Axon Initial Segment (AIS)

Subcellular domain of a neuron located at the proximal end of its axon, responsible for generating and shaping action potentials (APs). The AIS is composed of a high density of voltage-gated ion channels necessary for AP generation in addition to a unique ankyrin-G-based cytoskeleton and associated cell adhesion molecules, including neurofascin-186 (NF186) and NrCAM. In the neocortex, the AIS of excitatory pyramidal neurons selectively receives GABAergic innervation from chandelier cells

Cell Adhesion Molecules (CAMs)

A group of transmembrane cell adhesion proteins present on the cell surface that are required for proper nervous system development, including neurite formation and axon pathfinding. CAMs mediate cell-to-cell and/or cell-to-extracellular matrix (ECM) interactions which can induce intracellular responses affecting cytoskeletal organization, molecular signaling, and/or gene expression. Major superfamilies of CAMs in the CNS include cadherins, integrins, and the immunoglobulin superfamily of CAMs (IgCAMs)

Excitatory/Inhibitory Balance (E/I Balance)

The balance of excitatory and inhibitory synaptic membrane currents received by a neuron. The interplay between such excitatory and inhibitory inputs, in combination with complex feedforward, gain control, and feedback inhibition mechanisms, underlies a neuron’s spontaneous firing and/or response to sensory inputs. Maintaining proper E/I balance is critical for homeostatic cortical and subcortical circuit function and, when perturbed, has been shown to contribute to neurological disorders, including schizophrenia, epilepsy, and autism spectrum disorder

Ganglionic Eminence (GE)

A transient structure present in the brain during embryonic and fetal stages of neural development. The GE is located between the thalamus and caudate nucleus and is divided into three subdivisions; namely, the medial, lateral, and caudal ganglionic eminences (MGE, LGE, and CGE, respectively). The GE is a major source of GABAergic interneuron progenitors which give rise to distinct GABAergic interneuron types that sequentially undergo tangential and radial migration prior to reaching their final position in the cortex

In Utero Electroporation (IUE)

A technique utilizing electric pulses for acute gene delivery into live mouse embryos developing in utero. IUE is an invaluable technique for investigating the molecular and cellular mechanisms that guide neural stem cell proliferation, differentiation, migration, and maturation during development

NKX2.1

Homeodomain transcription factor that is expressed in the subpallium, including the MGE and preoptic area. NKX2.1 regulates the formation and patterning of the MGE and is critical for the generation of major GABAergic interneuron subclasses such as parvalbumin- and somatostatin-expressing interneurons

Ventricular Zone (VZ) & Subventricular Zone (SVZ)

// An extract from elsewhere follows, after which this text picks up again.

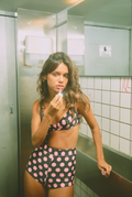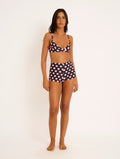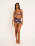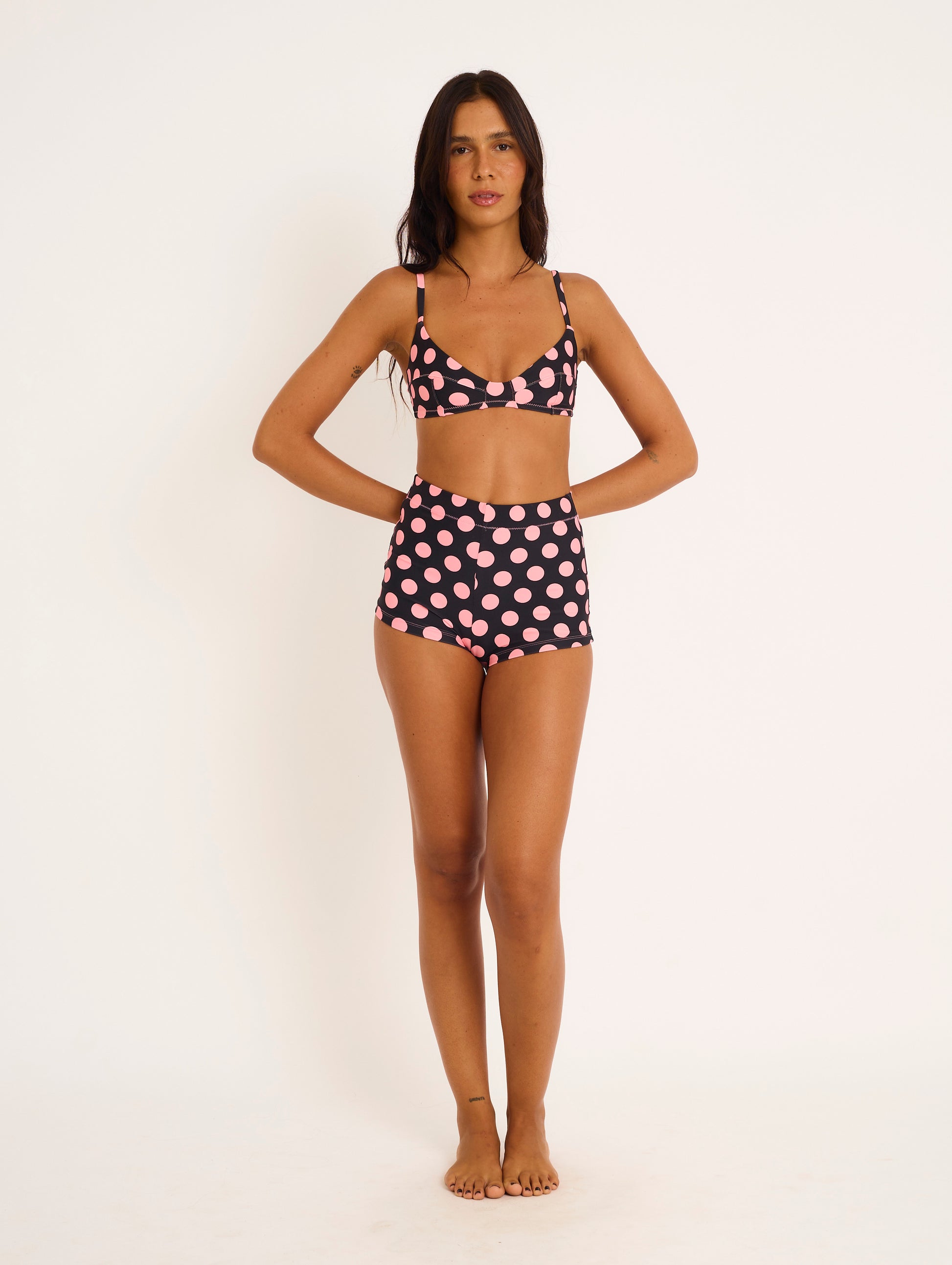 Calções justos em lycra. Estampa com padrão às bolinhas em tons de Cor de Rosa e Preto.

The VZ is a transient embryonic layer of tissue containing neural stem cells, predominantly radial glial progenitor cells, that neighbors the lateral ventricles. Lying adjacent to the VZ is the SVZ, a secondary proliferative zone that contains intermediate neuronal progenitors which continue to divide into post-mitotic neurons. During embryonic and fetal development, neurogenesis, or the generation of new neurons, depletes the parent neural stem cell pool in the VZ, leading to its disappearance, whereas the SVZ is maintained through adulthood.